Many of us have had to take on
a day job unwanted obligations at some point to support our creative pursuits. This can be a drag, but there is good news: this kind of activity provides great opportunities for paying attention to habitual ways of doing things that you would like to change, and by changing, help your acting.
Suppose you are in a class and in the course of the work the teacher has called attention to a physical or vocal habit that is blocking the
flow for you: preventing you, in one way or another, from fully engaging.
It might be habitual tension in your lips or jaw or brow or around the eyes. It might be a habit of standing with your hip popped to one side or the other, so that you are not over your center of gravity. It might be habitual throat tension when you speak. It might be shallow breathing. There are any number of things it could be.
These kinds of habits can seriously undermine your efforts at entering in to the moment, integrating mind and body, and going for it. The trouble is, while you are acting is not the time to put your attention on addressing these things, because while you are acting, you want the majority of your attention to be on the scene at hand, your partner, and whatever you are pursuing in the scene. You want to be ABSORBED by these things. You don't want to be thinking about your jaw or your shoulders or whatever bugaboo of habitual tension you are struggling with. So what to do?
While you are about the aforementioned "unwanted obligations" is a great opportunity to address those things. Thinking about your jaw or your breathing is unlikely to significantly detract from these things, in the way it might while you are acting. So you have the opportunity to monitor whatever the problem area is, and continually make the adjustment that is called for. In order to change a habit, you will have to notice the unwanted habit MANY MANY TIMES and make the adjustment MANY MANY TIMES before the change starts to become automatic. If you are having to give significant chunks of time to your unwanted obligations, then you have lots of time to try to address these things.
Furthermore, not only are you given the opportunity to practice noticing and adjusting, but you have the opportunity to notice and adjust WHILE DOING SOMETHING ELSE. This adjusting-while-doing-something-else is vital, because that is what you want to be doing while acting. Once you have enough awareness and facility at making the adjustment in question, you will be able to go through that process with less and less of your awareness required for it, until you can do it without skipping the proverbial beat. When you are at that point, then your acting will truly benefit. Either you will make the adjustment automatically while you act, or the process of noticing the problem and fixing it will require so little awareness as to be no intrusion at all on your primary activity of acting the scene.

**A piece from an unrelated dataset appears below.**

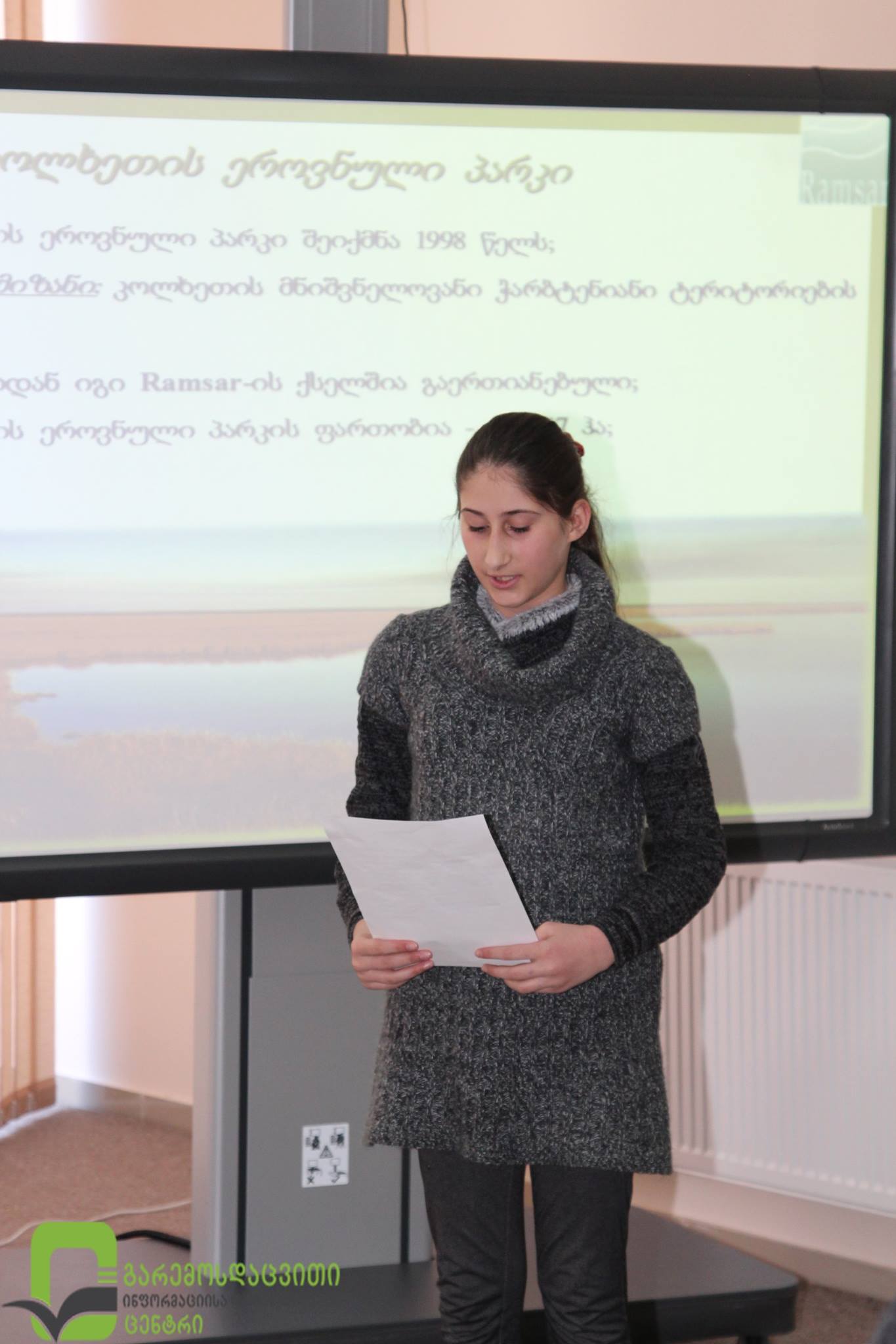 გარემოსდაცვითი ინფორმაციისა და განათლების ცენტრში ჭარბტენიანი ტერიტორიების საერთაშორისო დღის აღსანიშნავად მოსწავლე-ახალგაზრდობის ეროვნული სასახლის მოსწავლეებთან საინფორმაციო შეხვედრა-სემინარი გაიმართა. ღონისძიებაზე მოსწავლეებმა თავიანთი ნამუშევრები წარადგინეს და ჭარბტენიანი ტერიტორიების მნიშვნელობაზე ისაუბრეს. გარდა ამისა, წარმოდგენილი იყო მათ მიერ შექმნილი ნახატები.

Notice the role that the teacher plays in all of this: she points out some habit, brings you to an awareness of it. The bulk of the work of changing the habit is yours. There are many students who come to an acting class wanting the teacher to make them into a good actor. There is no teacher alive who can do that. Only the student brings about transformation of himself or herself. It is the ones who take charge of their own learning process, of making that process happen, that truly grow. As much as learning to act, the student needs to learn to learn to act. A student who has that is unstoppable.